• [ACTIVITY]
Everything in the listing below has to be repeated exactly, except the pictures.

• [EXERCISE INPUTS]

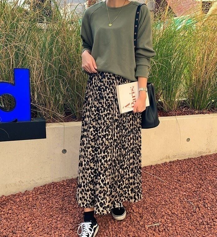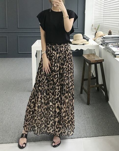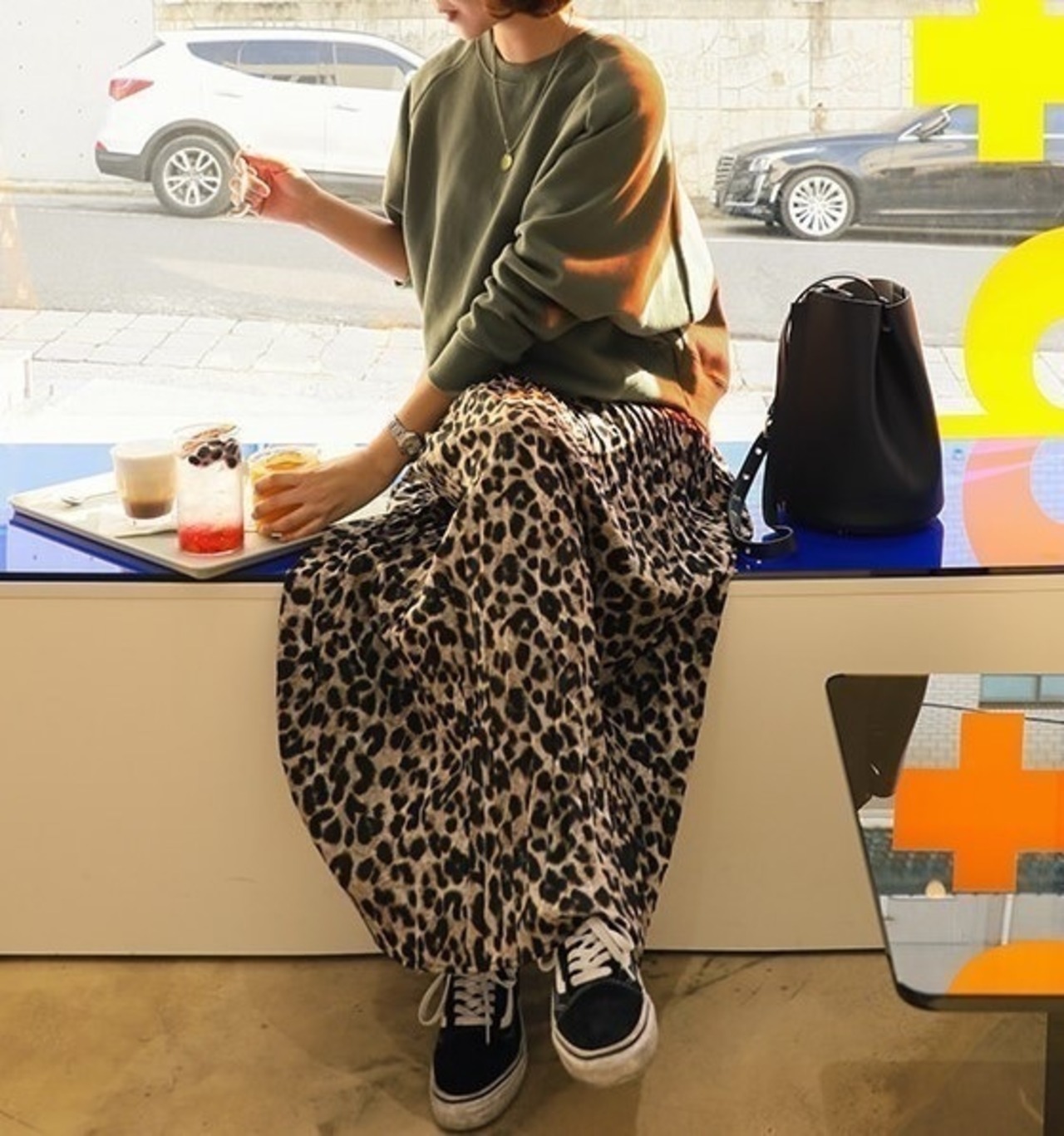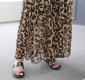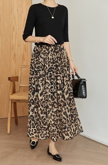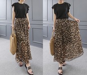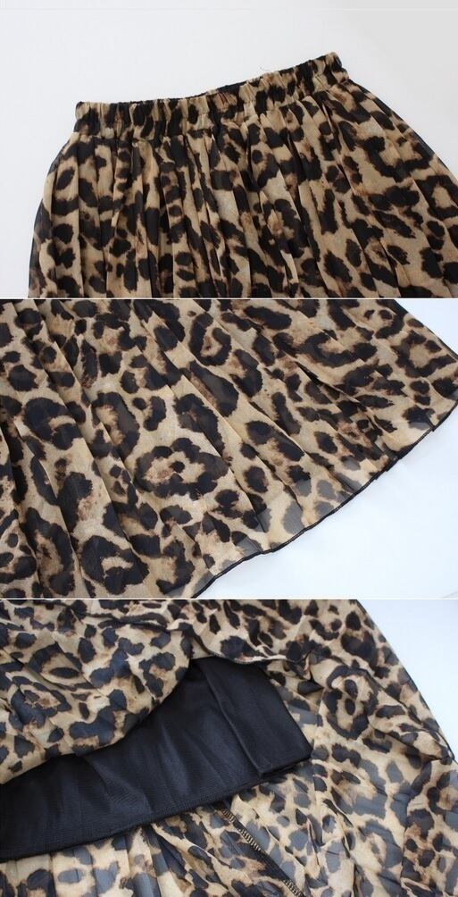 レオパード柄 シフォン プリーツ マキシ スカート ブラウン nin220922
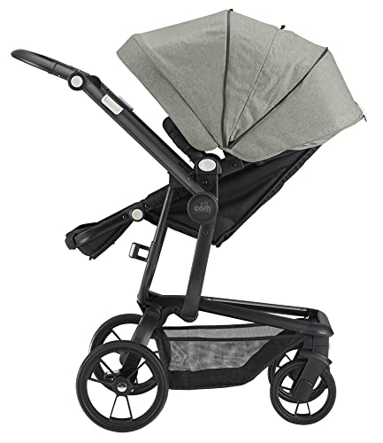 Carrozzina ampia. Dotata di sistema di aggancio/sgancio rapido. Maniglione antiribaltamento. Schienale reclinabile in 3 posizioni con una sola mano. Fondo aerato e base a dondolo
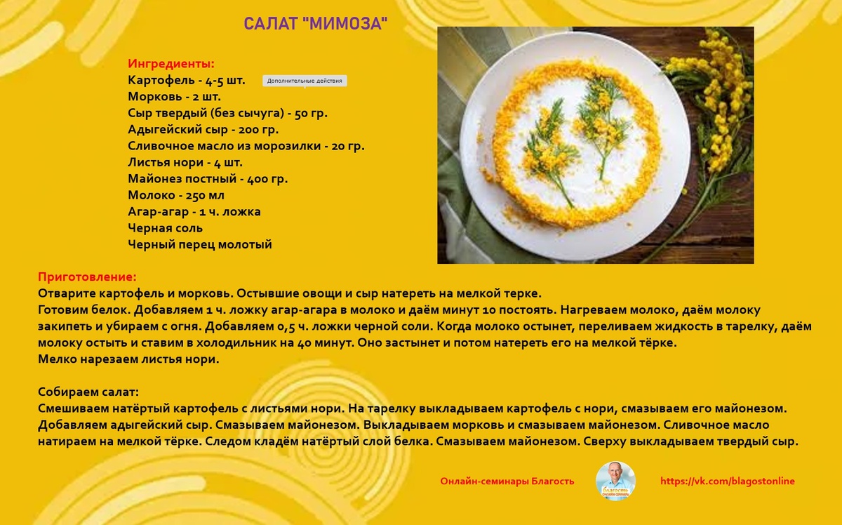🥗 САЛАТ "МИМОЗА" 🌀 Ингредиенты: Картофель - 4-5 шт. Морковь - 2 шт. Сыр твердый (без сычуга) - 50 гр. Адыгейский сыр - 200 гр. Сливочное масло из морозилки - 20 гр. Листья нори - 4 шт. Майонез постный - 400 гр. Молоко - 250 мл Агар-агар - 1 ч. ложка Черная соль Черный перец молотый 🌀 Приготовление: Отварите картофель и морковь. Остывшие овощи и сыр натереть на мелкой терке. Готовим белок. Добавляем 1 ч. ложку агар-агара в молоко и даём минут 10 постоять. Нагреваем молоко, даём молоку закипеть и убираем с огня. Добавляем 0,5 ч. ложки черной соли. Когда молоко остынет, переливаем жидкость в тарелку, даём молоку остыть и ставим в холодильник на 40 минут. Оно застынет и потом натереть его на мелкой тёрке. Мелко нарезаем листья нори.
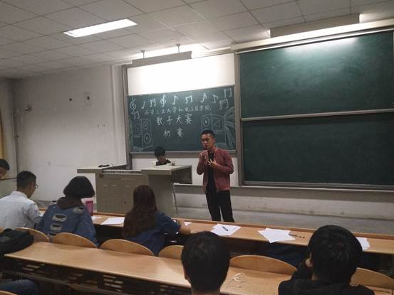 2018年4月10日18:30,4556银河国际校园歌手大赛初赛于教二206顺利举行。出席本次活动的嘉宾有上届校园歌手大赛冠军乔翼泽,大学生艺术团声乐部副部长左玉笛,我院学生会主席陈鑫,我院学生会副主席戴亚澳等。
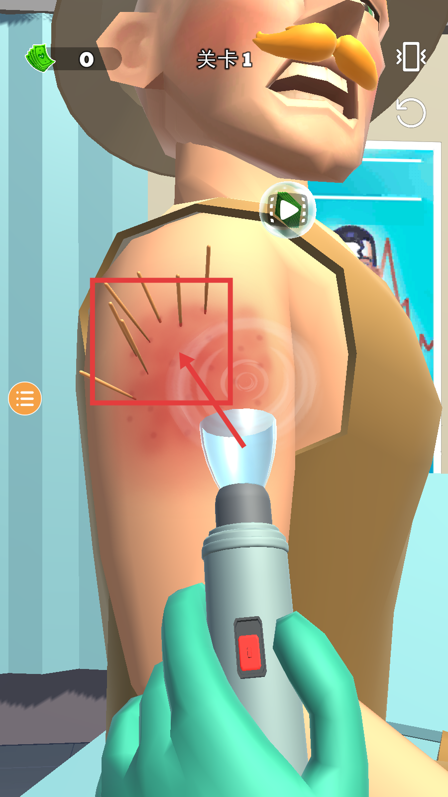 1、关卡1中借助仪器拔除手臂上的刺-精准操作避免伤口受创。
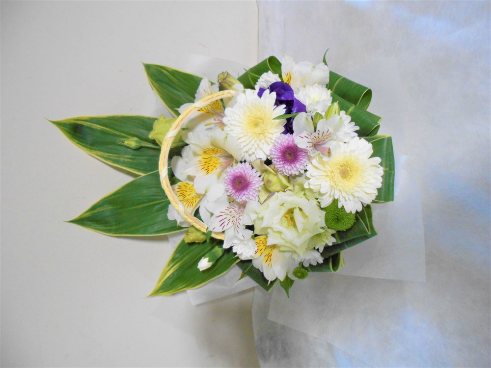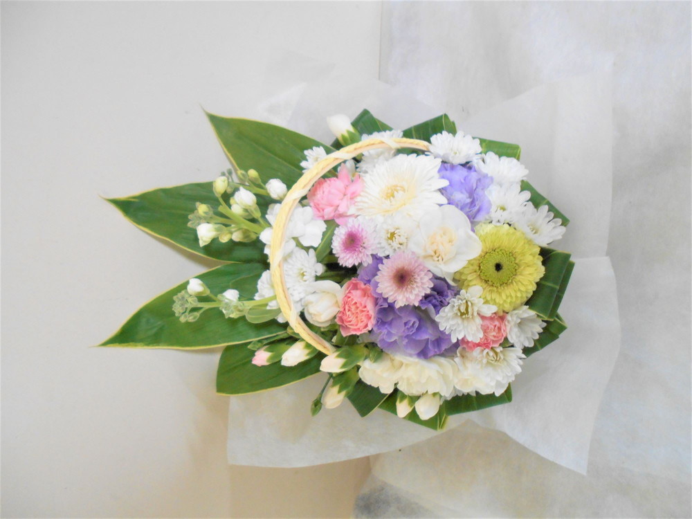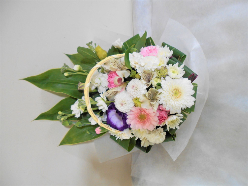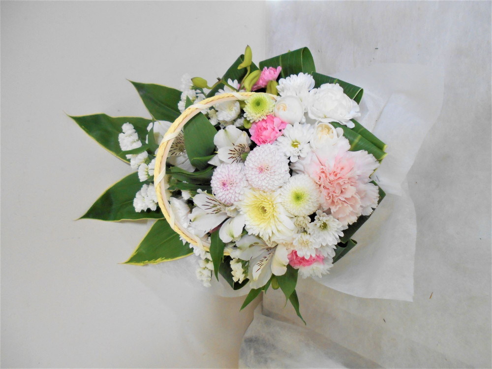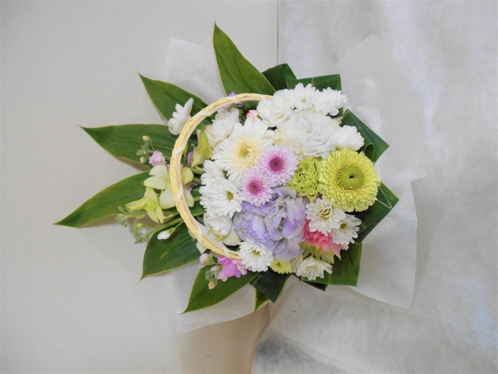 お悔やみ お供えの花 供花 (ホワイト&淡色カラーの手付きバスケットアレンジ)
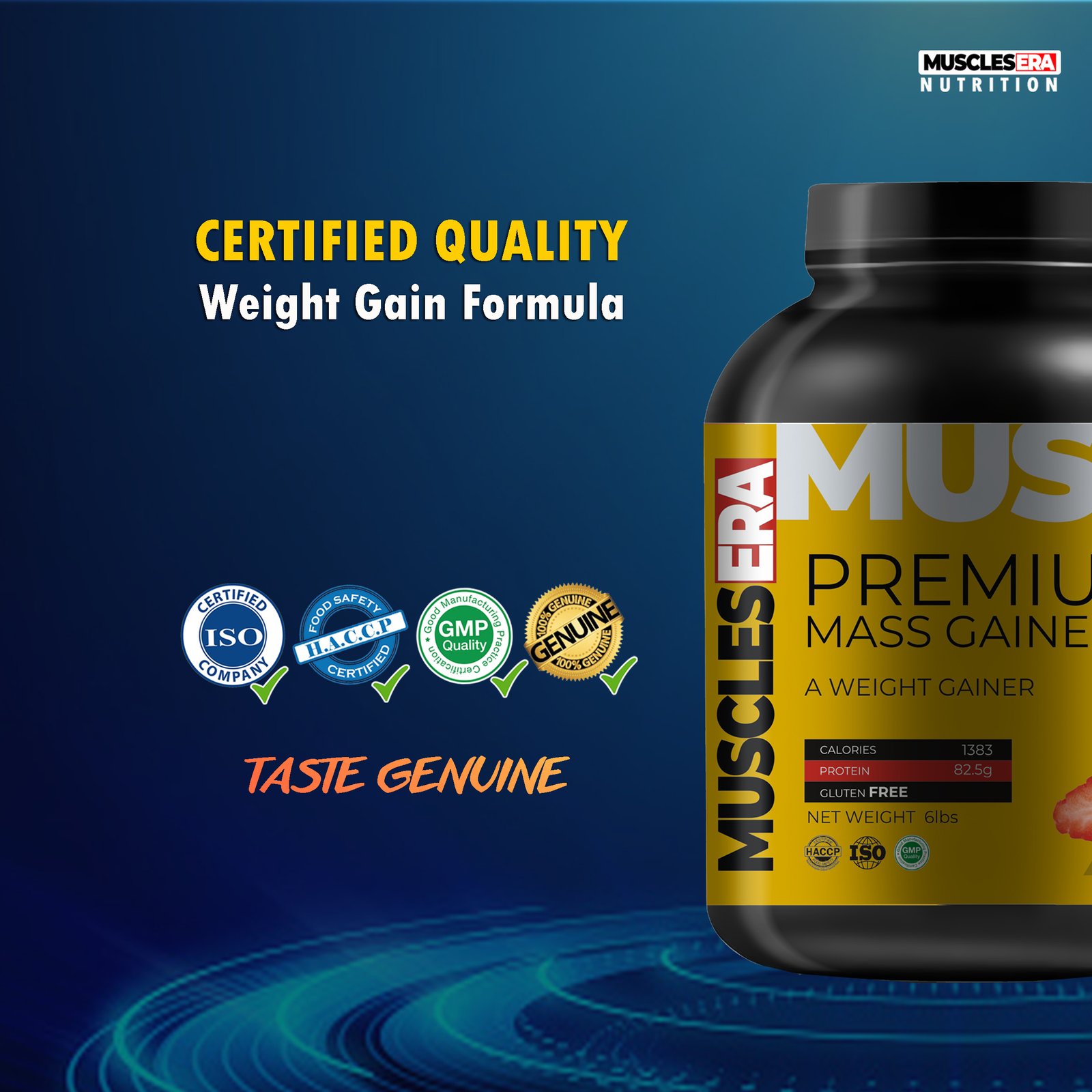 MUSCLES ERA PREMIUM MASS GAINER – This is a high quality Weight Gainer that Is loaded with complex carbs:Protein in 3:1 ratio along with BCAAs, Calories and other nutrient to help you achieve your daily goals in lean mass gaining.
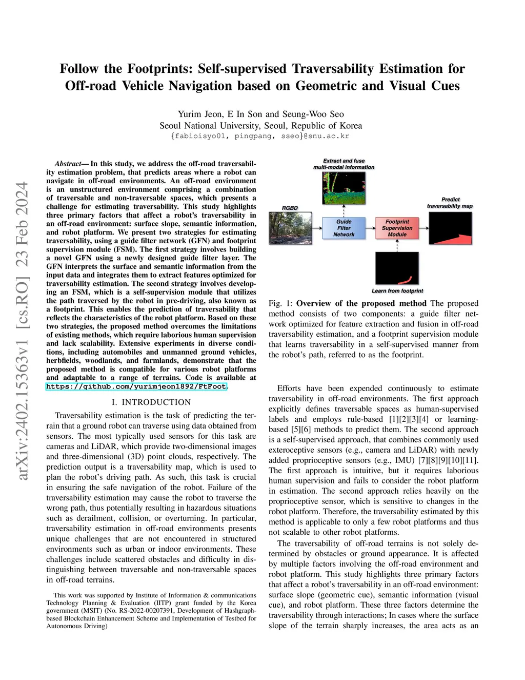 In this study, we address the off-road traversability estimation problem, that predicts areas where a robot can navigate in off-road environments. An off-road environment is an unstructured environment comprising a combination of traversable and non-traversable spaces, which presents a challenge for estimating traversability. This study highlights three primary factors that affect a robot's traversability in an off-road environment: surface slope, semantic information, and robot platform. We present two strategies for estimating traversability, using a guide filter network (GFN) and footprint supervision module (FSM). The first strategy involves building a novel GFN using a newly designed guide filter layer. The GFN interprets the surface and semantic information from the input data and integrates them to extract features optimized for traversability estimation. The second strategy involves developing an FSM, which is a self-supervision module that utilizes the path traversed by the robot in pre-driving, also known as a footprint. This enables the prediction of traversability that reflects the characteristics of the robot platform. Based on these two strategies, the proposed method overcomes the limitations of existing methods, which require laborious human supervision and lack scalability. Extensive experiments in diverse conditions, including automobiles and unmanned ground vehicles, herbfields, woodlands, and farmlands, demonstrate that the proposed method is compatible for various robot platforms and adaptable to a range of terrains. Code is available at https://github.com/yurimjeon1892/FtFoot.
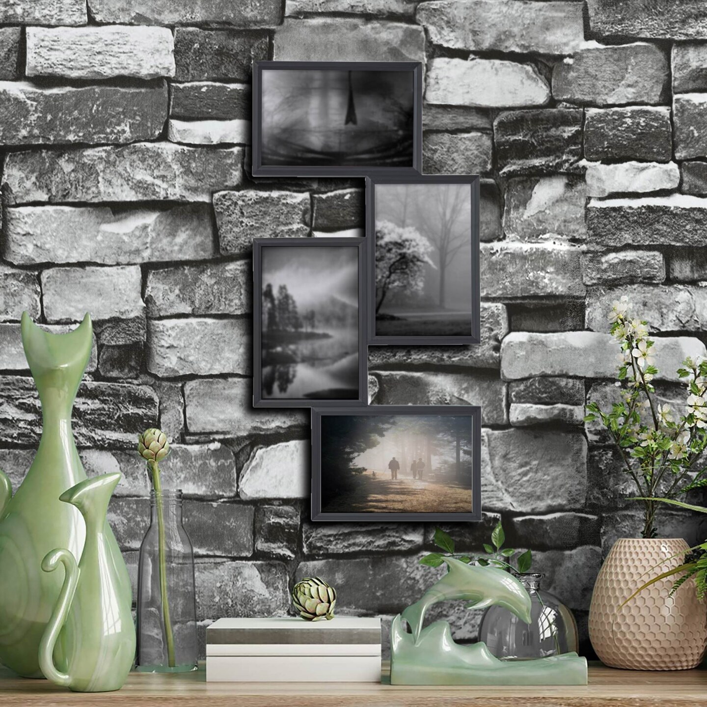 Black 4-Photo Collage Frame 8¼" x 16¼" – Versatile Vertical or Horizontal Hanging, Durable Lightweight Plastic

• [YOUR RESPONSE]
 レオパード柄 シフォン プリーツ マキシ スカート ブラウン nin220922
 Carrozzina ampia. Dotata di sistema di aggancio/sgancio rapido. Maniglione antiribaltamento. Schienale reclinabile in 3 posizioni con una sola mano. Fondo aerato e base a dondolo
🥗 САЛАТ "МИМОЗА" 🌀 Ингредиенты: Картофель - 4-5 шт. Морковь - 2 шт. Сыр твердый (без сычуга) - 50 гр. Адыгейский сыр - 200 гр. Сливочное масло из морозилки - 20 гр. Листья нори - 4 шт. Майонез постный - 400 гр. Молоко - 250 мл Агар-агар - 1 ч. ложка Черная соль Черный перец молотый 🌀 Приготовление: Отварите картофель и морковь. Остывшие овощи и сыр натереть на мелкой терке. Готовим белок. Добавляем 1 ч. ложку агар-агара в молоко и даём минут 10 постоять. Нагреваем молоко, даём молоку закипеть и убираем с огня. Добавляем 0,5 ч. ложки черной соли. Когда молоко остынет, переливаем жидкость в тарелку, даём молоку остыть и ставим в холодильник на 40 минут. Оно застынет и потом натереть его на мелкой тёрке. Мелко нарезаем листья нори.
 2018年4月10日18:30,4556银河国际校园歌手大赛初赛于教二206顺利举行。出席本次活动的嘉宾有上届校园歌手大赛冠军乔翼泽,大学生艺术团声乐部副部长左玉笛,我院学生会主席陈鑫,我院学生会副主席戴亚澳等。
 1、关卡1中借助仪器拔除手臂上的刺-精准操作避免伤口受创。
 お悔やみ お供えの花 供花 (ホワイト&淡色カラーの手付きバスケットアレンジ)
 MUSCLES ERA PREMIUM MASS GAINER – This is a high quality Weight Gainer that Is loaded with complex carbs:Protein in 3:1 ratio along with BCAAs, Calories and other nutrient to help you achieve your daily goals in lean mass gaining.
 In this study, we address the off-road traversability estimation problem, that predicts areas where a robot can navigate in off-road environments. An off-road environment is an unstructured environment comprising a combination of traversable and non-traversable spaces, which presents a challenge for estimating traversability. This study highlights three primary factors that affect a robot's traversability in an off-road environment: surface slope, semantic information, and robot platform. We present two strategies for estimating traversability, using a guide filter network (GFN) and footprint supervision module (FSM). The first strategy involves building a novel GFN using a newly designed guide filter layer. The GFN interprets the surface and semantic information from the input data and integrates them to extract features optimized for traversability estimation. The second strategy involves developing an FSM, which is a self-supervision module that utilizes the path traversed by the robot in pre-driving, also known as a footprint. This enables the prediction of traversability that reflects the characteristics of the robot platform. Based on these two strategies, the proposed method overcomes the limitations of existing methods, which require laborious human supervision and lack scalability. Extensive experiments in diverse conditions, including automobiles and unmanned ground vehicles, herbfields, woodlands, and farmlands, demonstrate that the proposed method is compatible for various robot platforms and adaptable to a range of terrains. Code is available at https://github.com/yurimjeon1892/FtFoot.
 Black 4-Photo Collage Frame 8¼" x 16¼" – Versatile Vertical or Horizontal Hanging, Durable Lightweight Plastic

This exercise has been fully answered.